Evaluation of Alternative Design Considerations for Renewable Portfolio Standards
This research project will employ and advance state of the art power systems modeling to evaluate an updated Renewable Portfolio Standard (RPS) for Michigan. In addition to methodological development, the project will provide an objective analysis on the environmental impacts and costs of RPS designs to better inform stakeholders across the state.
Overview of Problem:
Michigan is one of 29 states with a binding Renewable Portfolio Standard policy in place. Under the Clean, Renewable, and Efficient Energy Act of 2008, Michigan’s load serving entities are responsible for generating 10% of their retail electricity sales from renewable sources by 2015. Through new utility-owned generation, existing generation, and power purchase agreements, it is expected that this target will be met. In 2012, groups advocating for higher targets failed to pass Proposition 3, which would have added a constitutional amendment mandating higher penetrations of renewable energy. The debate over this proposal lacked objective analytical rigor when discussing the costs and benefits of expanding Michigan’s RPS. To better inform future policy debates, the University of Michigan Energy Institute will conduct a comprehensive study to assess the costs and environmental impacts of alternative RPS design.
1. Create baseline system representation: The team will employ a comprehensive unit commitment and economic dispatch model, utilizing the software tool Plexos for Power Systems, by Energy Exemplar, to simulate and optimize generator behavior.
The Eastern Interconnection will be modeled at the zonal level, with a higher degree of resolution employed for Michigan to capture intra-state transmission constraints. Approximately 10,000 generators are represented in the model, with detailed assumptions for costs and operational limits including heat rate (at multiple load points), start costs and fuel use, run time restrictions, ramp rates, variable operating and maintenance costs, forced outage rates, and emissions rates. Transmission constraints will be modeled at the zonal level, with the highest data resolution for Michigan employed. Load assumptions will be on an hourly level. Capacity needs will be met by the addition of the installed cost generation option (likely, natural gas combustion turbines) at a rate that maintains a minimum reserve margin. The model’s time horizon will be twenty years, modeling one representative day per month and extrapolating to full annual results. The costs to customers will be based on a utility revenue requirement model for the two major utilities that represents best publically available information.
2. Determine the least cost path for RPS compliance: The available renewable resources will be estimated, with information including the size of the resource, the diurnal pattern for wind and solar, and the installed and O&M costs. With this information, the revenue requirement for the renewable options will be calculated and the projects with the least cost above market energy rates for Michigan will be selected. The dispatch model will be run iteratively to assess the impact of integration on dispatchable resources, total system cost, and emissions.

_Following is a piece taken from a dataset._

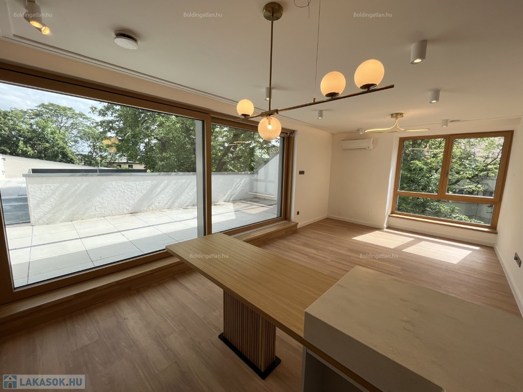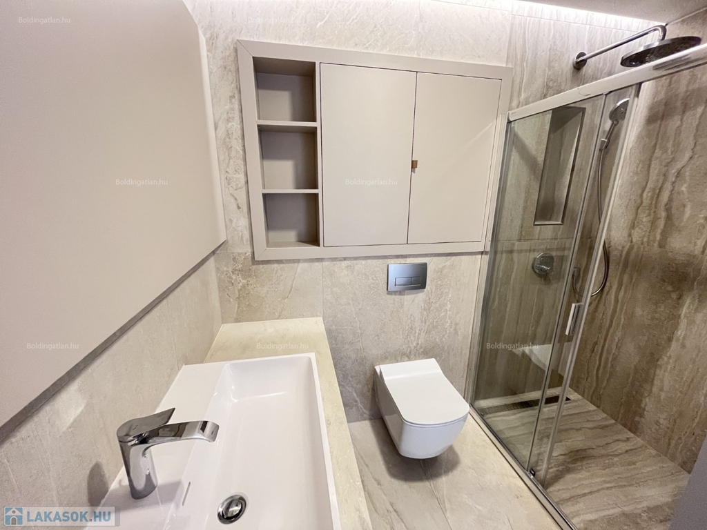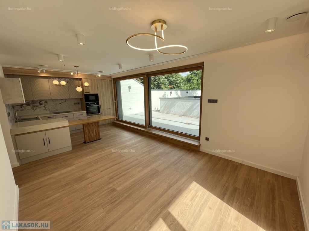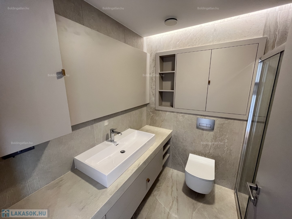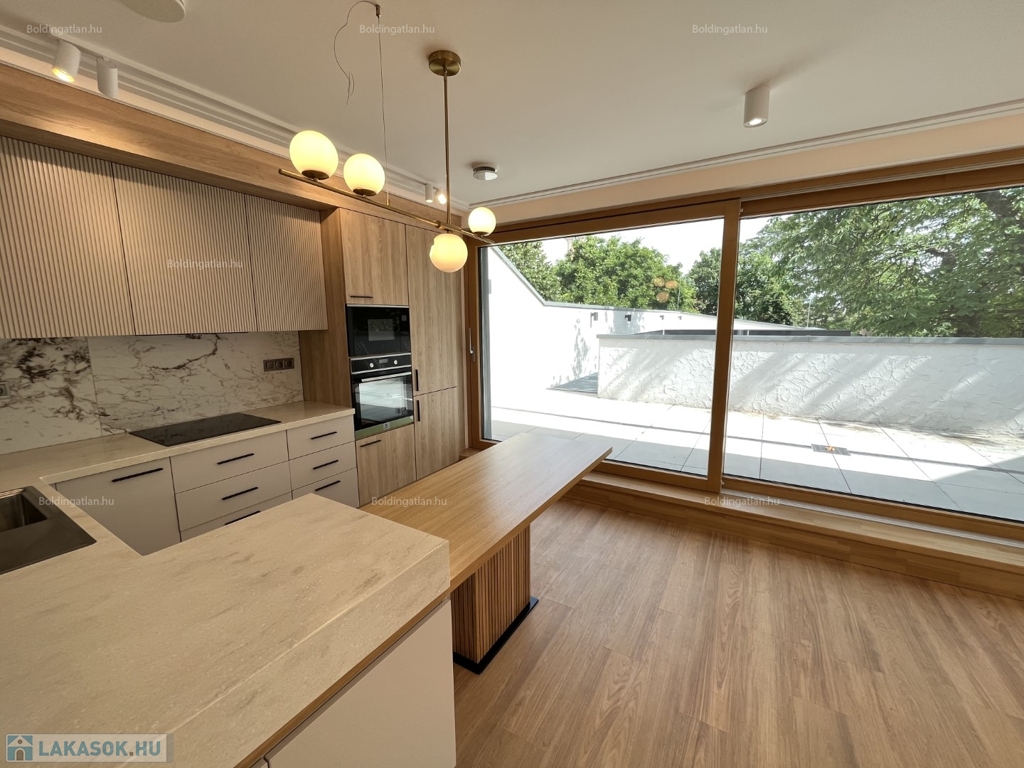 Siófokon a Fő térnél, a Kálmán Imre sétányon, új építésű, korszerű társasház 2. emeletén található - a Fő térre néző exkluzív méretű 60,12 m2-es terasszal + 28,96 m2-es belső terasszal - modern 85,22 m2-es lakás eladó. A minőségi anyagokból, igényes kivitelben készülő ingatlanban egy tágas 26,01 m2-es konyha-étkező-nappali, előtér, közlekedő, 3 szoba, fürdőszoba, wc helyiségek kerülnek kialakításra a tervek szerint. Az épület fűtése korszerű, DAIKIN levegő/víz hőszivattyúval kerül kivitelezésre, és légkondicionáló is felszerelésre kerül. A lakás könnyen megközelíthető és parkolási lehetőség is megoldott a közelben. Az ingatlan kíváló lehetőség akár befektetésnek is a lokációja és nívója végett.

3. Test scenarios with alternative RPS design, other environmental regulations: Three RPS targets will be assessed, varying the timing and renewable penetration. In addition, the impact of the Mercury and Air Toxics Standard (MATS) will be varied to illustrate the difference between compliance via control equipment versus retirement of selected generators.

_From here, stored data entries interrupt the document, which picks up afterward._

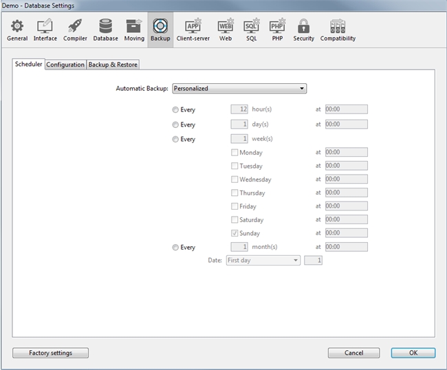 4D databases can be configured to perform automatic backups on a regular schedual which will perform a backup automatically.
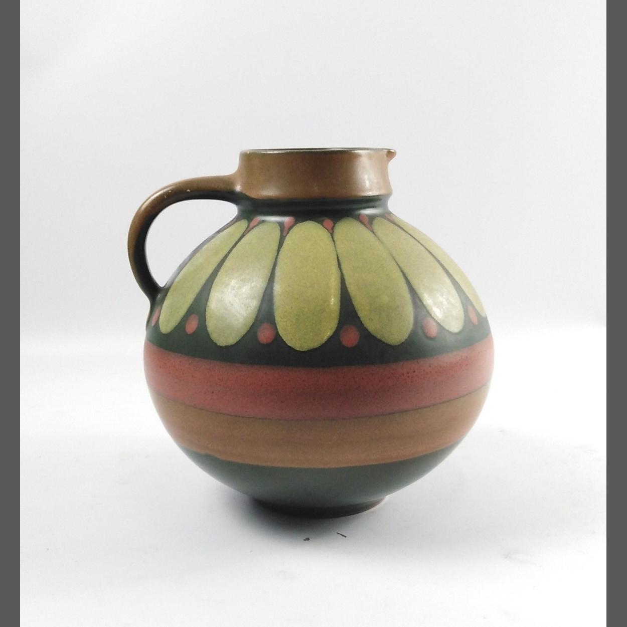 A RETRO KMK WEST GERMAN made colourful decorated pottery vase dimensions 23cm height x 23cm diameter at the greatest point - a nice example!
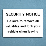 Security Notice Be Sure To Remove All Valuables And Lock Your Vehicle When Leaving Sign
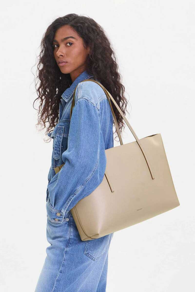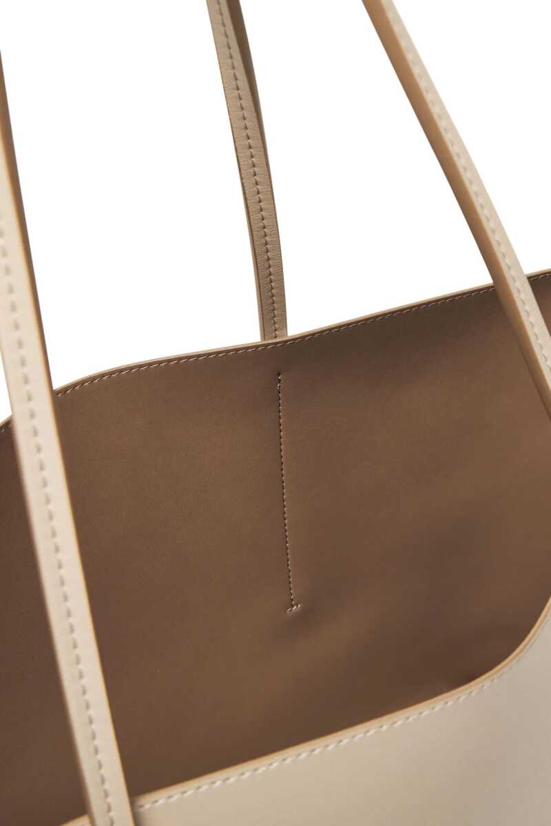 Zarif, minimalist ve son derece kullanışlı olan bu tote çanta, günlük stilinize sofistike bir dokunuş katmak için tasarlanmıştır. Kaliteli ve dayanıklı poliüretan malzemesi, pürüzsüz bir dokuyla şık bir görünüm sunar. 46 cm genişlik, 28 cm yükseklik ve 14 cm derinlik ölçülerindeki geniş iç hacmi, tüm günlük eşyalarınız için bolca alan sağlar. Ayrıca, küçük eşyalarınızı düzenlemek veya tek başına bir portföy olarak kullanmak için ideal olan, üzerinde minimalist metalik bir logo bulunan fermuarlı bir iç cüzdan ile birlikte gelir.
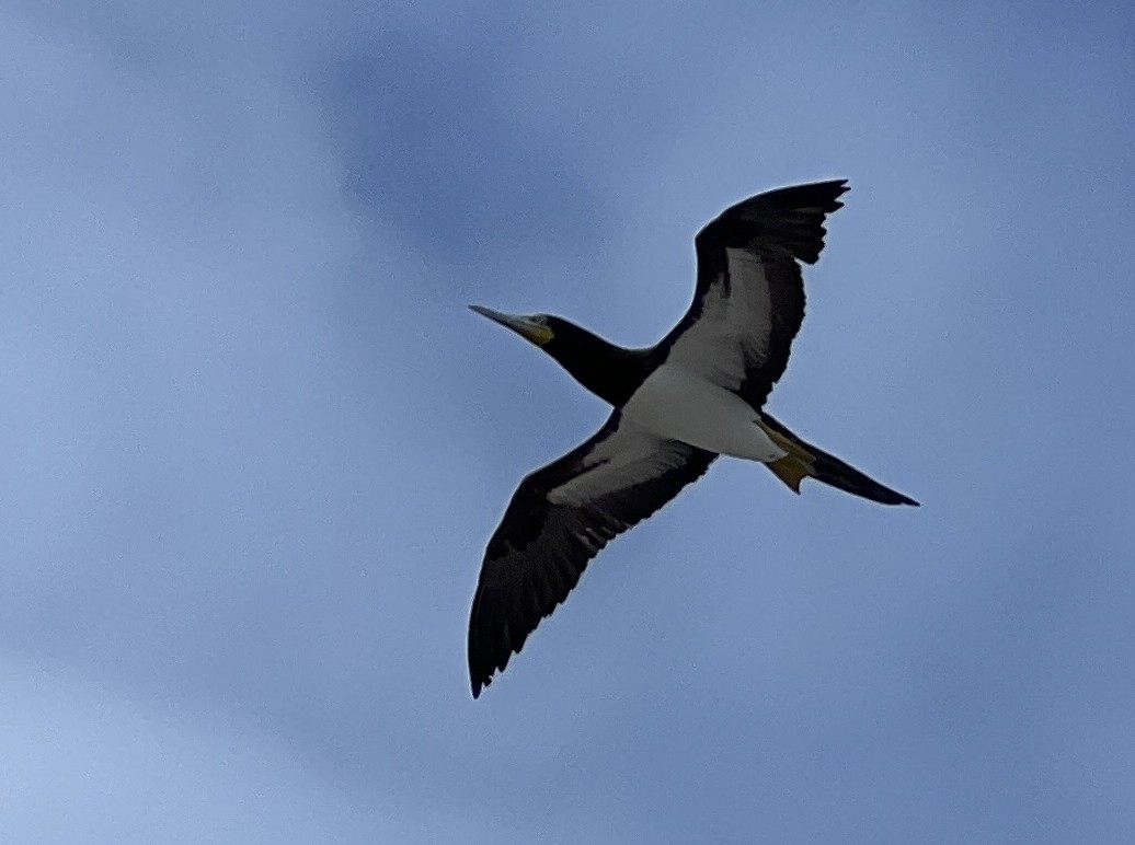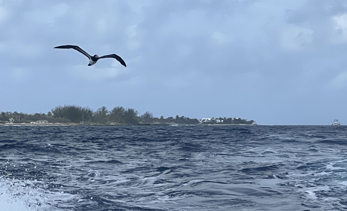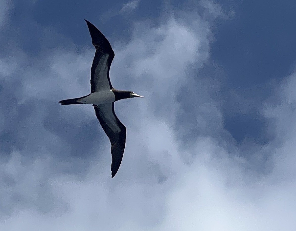Our fourth day’s diving started at Greenhouse, a site about half way along the north shore. For most of the journey to the site, a Booby followed us. We loved watching it soar over the wave crests.

4. Test sensitivity of results to key assumptions: For a selected scenario, the sensitivity of the results will be tested by (1) introducing a carbon tax, (2) high and low natural gas prices, (3) high and low coal prices, (4) high and low load forecasts, and (5) high and low installed costs for renewable generators.

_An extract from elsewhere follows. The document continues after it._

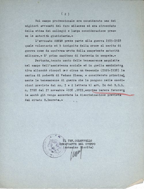L’avvocato COHEN prese parte alla guerra 1915 – 1918 quale volontario ed è insignito della croce al merito di guerra come da conferma avuta dalla competente autorità militare. E’ primo capitano di fanteria in congedo.
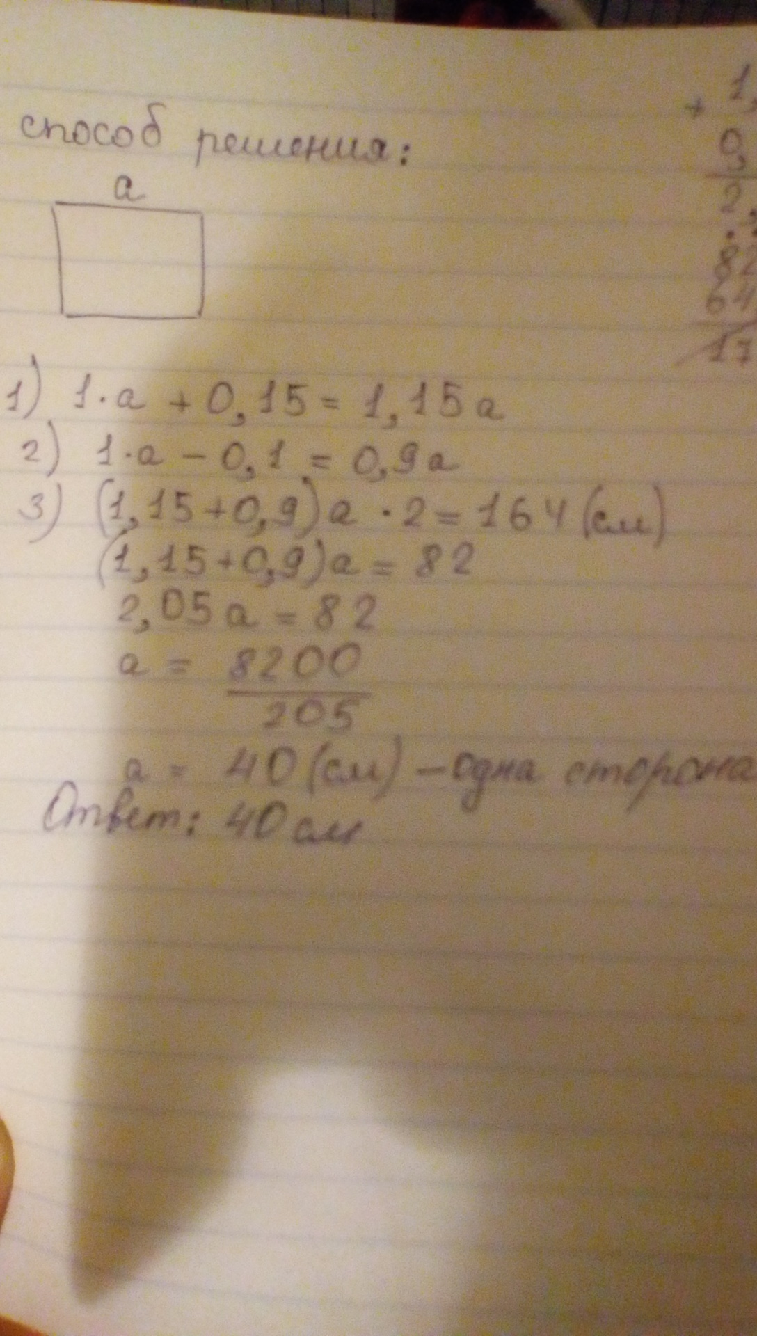 Две противолежащие стороны квадрата увеличили на 15% , а две другие стороны уменьшили на 10% . В результате получается прямоугольник с периметром 164 сантиметров . Найди сторону квадрата .

5. Write white paper and academic article: The white paper will be suitable to external distribution to better inform policy makers and key stakeholders about the impact of design alternatives for future RPS targets. Assumptions will be transparent and, whenever possible, utilize publicly available and objective data sources (e.g., EIA, NREL). In addition, it is expected that the methodology will be novel and support an academic paper examining the interplay of environmental policies.
In order to bound the scope of this project and make it suitable for scenario and sensitivity analysis engagement, simplifying assumptions will be employed. Several such assumptions include:
- Imported energy from Canada follows historical patterns.
- Non-generation costs remain constant (in real terms) when used to calculate retail rate impacts.
- Pumped storage hydro charging and discharging patterns are user defined.
- Capacity needs are based on a fixed reserve margin over peak demand.
- Ancillary services representation may be simplified or not explicitly modeled.
- Given the uncertainty around CAIR and CSAPR, emissions allowance prices for NOx and SOx will be based on recent actual data.